▶ _RECORDS PROVIDED_
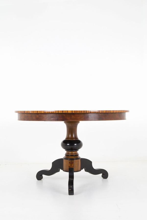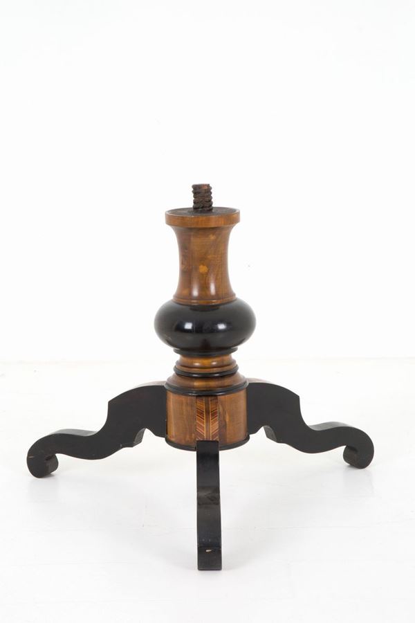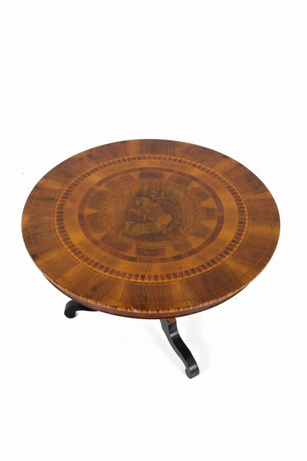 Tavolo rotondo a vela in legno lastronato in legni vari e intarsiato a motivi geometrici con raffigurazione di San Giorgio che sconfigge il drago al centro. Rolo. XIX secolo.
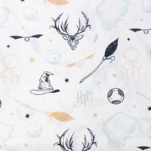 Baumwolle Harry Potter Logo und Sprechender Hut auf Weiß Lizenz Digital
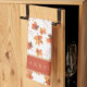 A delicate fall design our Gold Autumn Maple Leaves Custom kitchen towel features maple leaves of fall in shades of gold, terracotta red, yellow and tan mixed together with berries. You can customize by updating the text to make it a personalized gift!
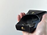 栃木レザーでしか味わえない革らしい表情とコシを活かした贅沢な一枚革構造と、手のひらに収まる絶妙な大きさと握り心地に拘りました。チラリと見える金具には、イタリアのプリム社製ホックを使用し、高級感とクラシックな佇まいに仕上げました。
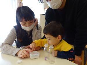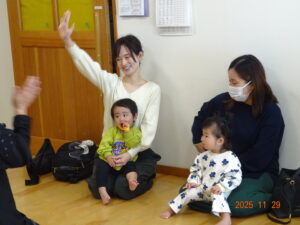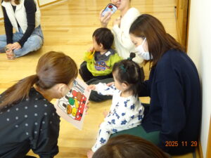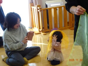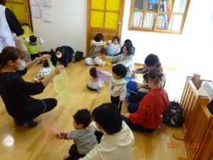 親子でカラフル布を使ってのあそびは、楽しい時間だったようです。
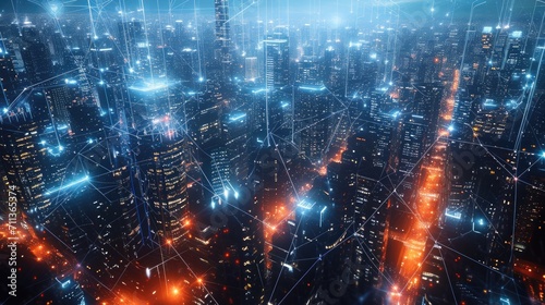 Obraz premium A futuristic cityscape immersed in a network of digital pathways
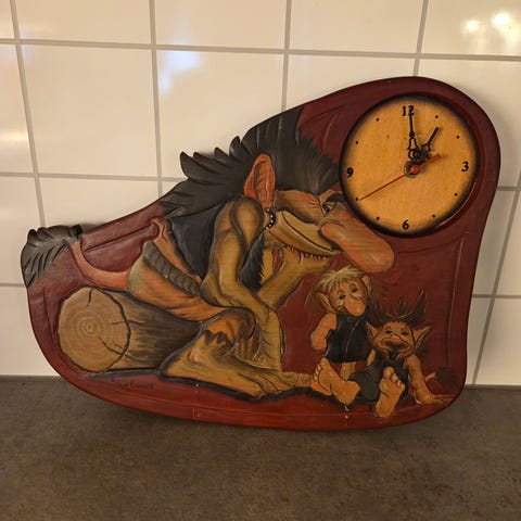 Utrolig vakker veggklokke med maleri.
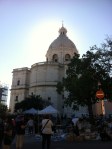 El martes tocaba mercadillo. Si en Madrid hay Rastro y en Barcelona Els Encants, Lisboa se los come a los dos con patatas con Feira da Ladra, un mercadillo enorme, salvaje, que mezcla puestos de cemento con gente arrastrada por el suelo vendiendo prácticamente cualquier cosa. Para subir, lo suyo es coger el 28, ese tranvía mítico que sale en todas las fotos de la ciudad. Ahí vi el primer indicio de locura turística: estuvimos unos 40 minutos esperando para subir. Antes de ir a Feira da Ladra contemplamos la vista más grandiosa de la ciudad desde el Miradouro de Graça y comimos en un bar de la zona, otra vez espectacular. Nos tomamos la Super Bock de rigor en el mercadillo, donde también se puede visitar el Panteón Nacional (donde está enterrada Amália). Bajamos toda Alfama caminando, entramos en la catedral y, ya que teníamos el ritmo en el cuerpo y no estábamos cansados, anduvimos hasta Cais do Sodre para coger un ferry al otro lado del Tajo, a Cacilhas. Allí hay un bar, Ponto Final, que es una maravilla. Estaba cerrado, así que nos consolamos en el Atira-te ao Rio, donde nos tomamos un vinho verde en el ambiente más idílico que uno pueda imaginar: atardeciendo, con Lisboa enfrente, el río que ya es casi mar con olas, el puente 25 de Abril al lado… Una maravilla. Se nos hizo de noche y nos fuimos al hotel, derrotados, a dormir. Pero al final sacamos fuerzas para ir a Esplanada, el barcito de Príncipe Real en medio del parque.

▶ _YOUR TASK_
Repeat the records above exactly, from the first line through the line that contains "Baumwolle Harry Potter", and leave out the pictures.

▶ _WRITTEN ANSWER_
 Tavolo rotondo a vela in legno lastronato in legni vari e intarsiato a motivi geometrici con raffigurazione di San Giorgio che sconfigge il drago al centro. Rolo. XIX secolo.
 Baumwolle Harry Potter Logo und Sprechender Hut auf Weiß Lizenz Digital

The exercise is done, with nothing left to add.